The character of the regime is not speculative. It is visible. The world remembers Mahsa Amini, whose death in custody ignited nationwide protests. Teenagers like Nika Shakarami became symbols of a generation punished for demanding dignity. And now there is Diana Bahador. Nineteen years old. Known as “Baby Rider.” A young woman whose refusal to disappear behind imposed restrictions became an act of quiet resistance. She was shot by security forces during protests. These are not excesses of chaos. They are instruments of governance.
A regime that governs through repression at home does not transform into a reliable actor abroad. Internal strain does not soften ideological hostility.

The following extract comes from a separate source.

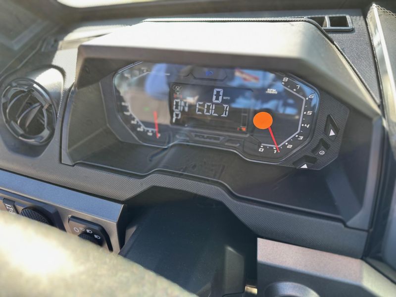 • Driver Instrumentation: Driver forward information center with 4" color display and analog speedometer and tachometers: user-selectable blue/red backlighting and brightness, speedometer, tachometer, odometer, tripmeter, clock, hour meter, gear indicator, fuel gauge, coolant temperature, oil pressure, transmission indicator, EPS indicator, voltmeter, service indicator and codes, seat belt reminder

It can intensify it. When legitimacy erodes domestically, projecting strength externally becomes a tool of consolidation. This dynamic matters. Iran’s leadership defines itself in opposition to both Israel and the United States. Its hostility is structural. The rhetoric directed at Jerusalem and Washington is not incidental. It is foundational to the regime’s identity.
If Iran were to secure nuclear capability, the implications would not be confined to Israel’s security calculus. It would reshape deterrence across the region, embolden aligned militias, and test American credibility on a global scale. Alignment between Jerusalem and Washington is therefore not diplomatic theater. It is strategic necessity.
Israel cannot permit an existential threat to mature unchecked. Its doctrine does not allow it. If action becomes unavoidable, the repercussions will not remain localized. The United States would confront the strategic consequences whether by design or by default. The question is not whether the two nations are connected in this challenge. They already are. The question is whether that connection is acknowledged clearly enough to shape policy with precision rather than reaction. Iran views Israel and America as linked adversaries. Clarity requires that they respond as linked allies. A regime reveals itself first in how it treats its own citizens. The evidence is already before us.